De naam Delperée kreeg hij in 1857 van zijn adoptievader, François Delperée. Voor het overlijden van zijn natuurlijke ouders was zijn naam Emile Daxhelet.
Zijn vorming kreeg hij in de académie des beaux-arts de Liège waar hij leerling was van Charles Soubre en Auguste Chauvin. In 1885 werd hij in diezelfde academie zelf tot leraar aangesteld.
Hij was de echtgenoot van de dochter van zijn leermeester, Eugénie Soubre, waarmee hij één zoon kreeg.
1886: Portret du professeur Adolphe Wasseige, recteur de l'Université, in de kunstcollectie van de Universiteit van Luik.
1890-1896: Charlemagne dictant les Capitulaires, in het provinciaal paleis te Luik.
1894: Portret van de Markies van Peralta, in het Museum voor Schone Kunsten (Luik)
1894: Portret van de Markiezin van Peralta, in het Museum voor Schone Kunsten (Luik).
1896: Portret van de Gravin van Clereinbault in het Museum voor Schone Kunsten (Luik).
Attendant l'audience, privécollectie.
La leçon de musique, privécollectie.
L'homme au fusil, privécollectie.
Hallebardiers jouant aux dés, Museum van Hoei.
Bibliografie
Jean-Paul Depaire, Académie Royale des Beaux-Arts de Liège. 1775-1995. 220 ans d'histoire, Editions Yellow Now, Luik, 1995.

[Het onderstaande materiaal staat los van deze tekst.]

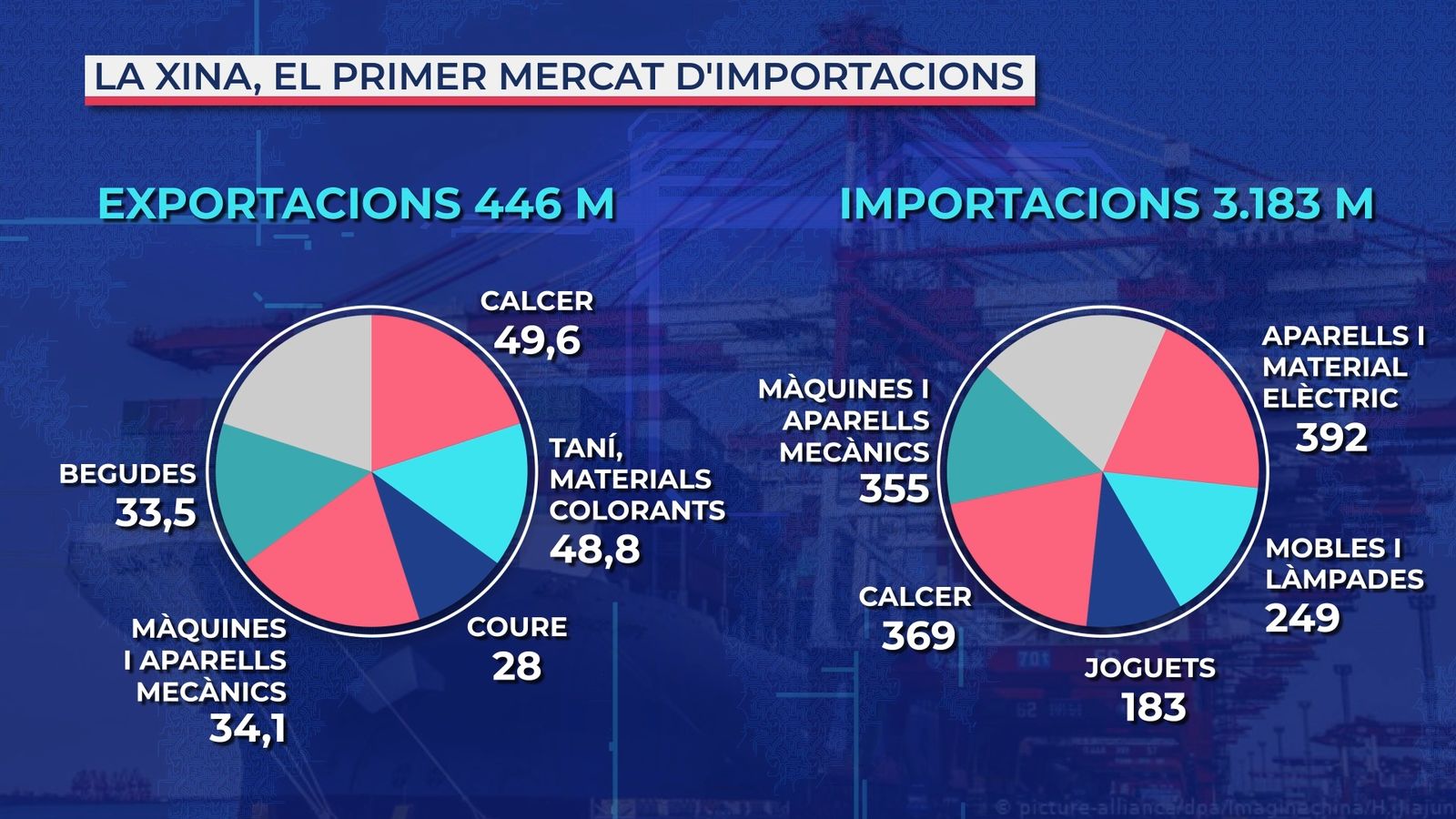 D'altra banda, la Xina també rep productes valencians. De fet, en l'última dècada s'ha consolidat un creixement que gira al voltant dels 500 milions d'euros i en cinc anys ha crescut en un volum de vora el 10%. Els principals són el calcer, el taní i materials colorants, màquines i aparells mecànics, begudes o coure.
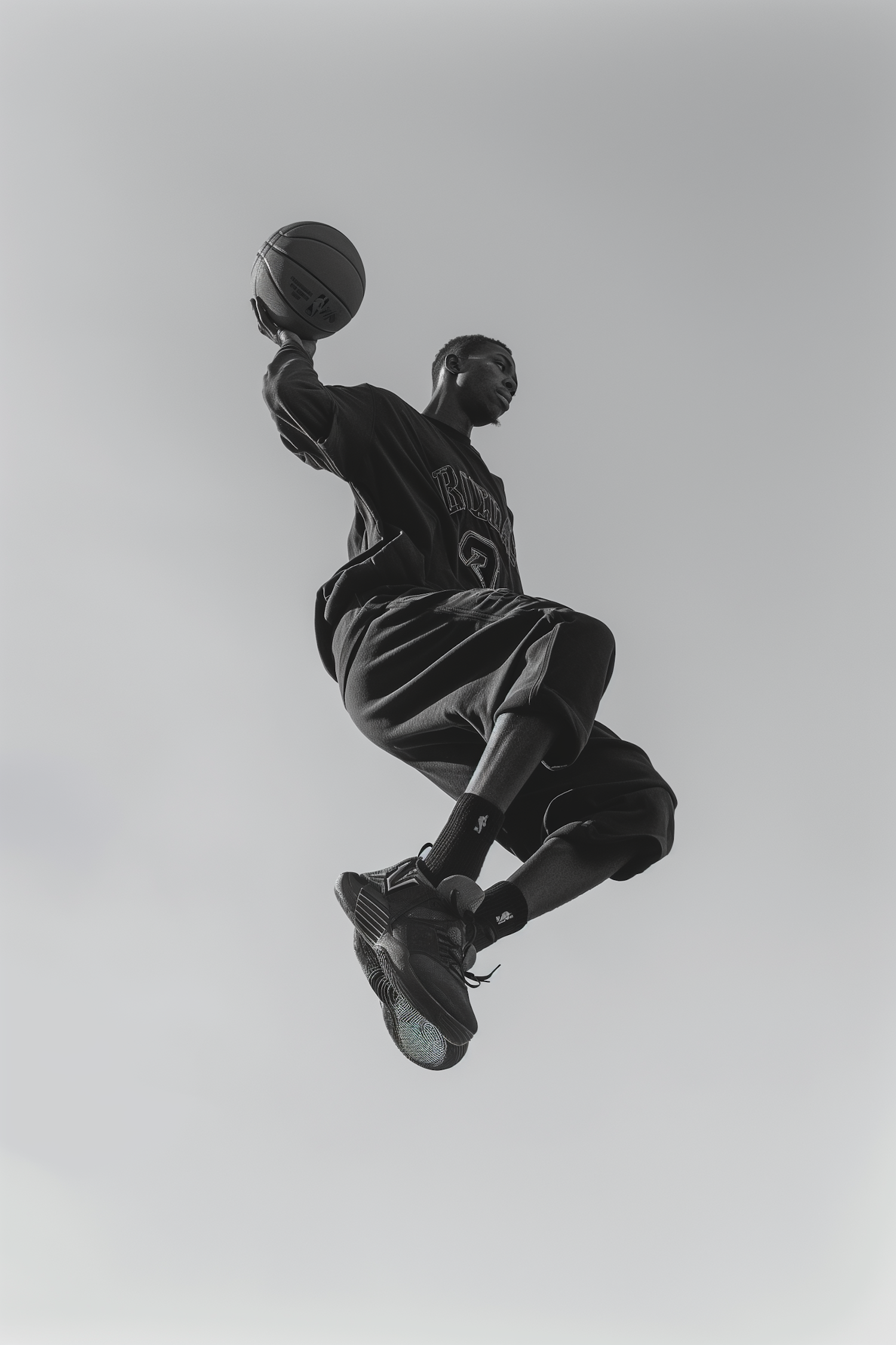 Dynamic black and white shot of a basketball player mid-air, showcasing athleticism and focus against a clear sky.

Paul Piron, De Belgische beeldende kunstenaars uit de 19e en 20e eeuw, vol. 1. A-K, Art in Belgium, Brussel.
Liliane Sabatini, Le Musée de l'Art wallon, collection Musea Nostra, Ministère de la Communauté française de Belgique / Crédit Communal de Belgique, Brussel, 1988.
Trivia
De straat Rue Emile Delperée te Hoei is naar hem genoemd.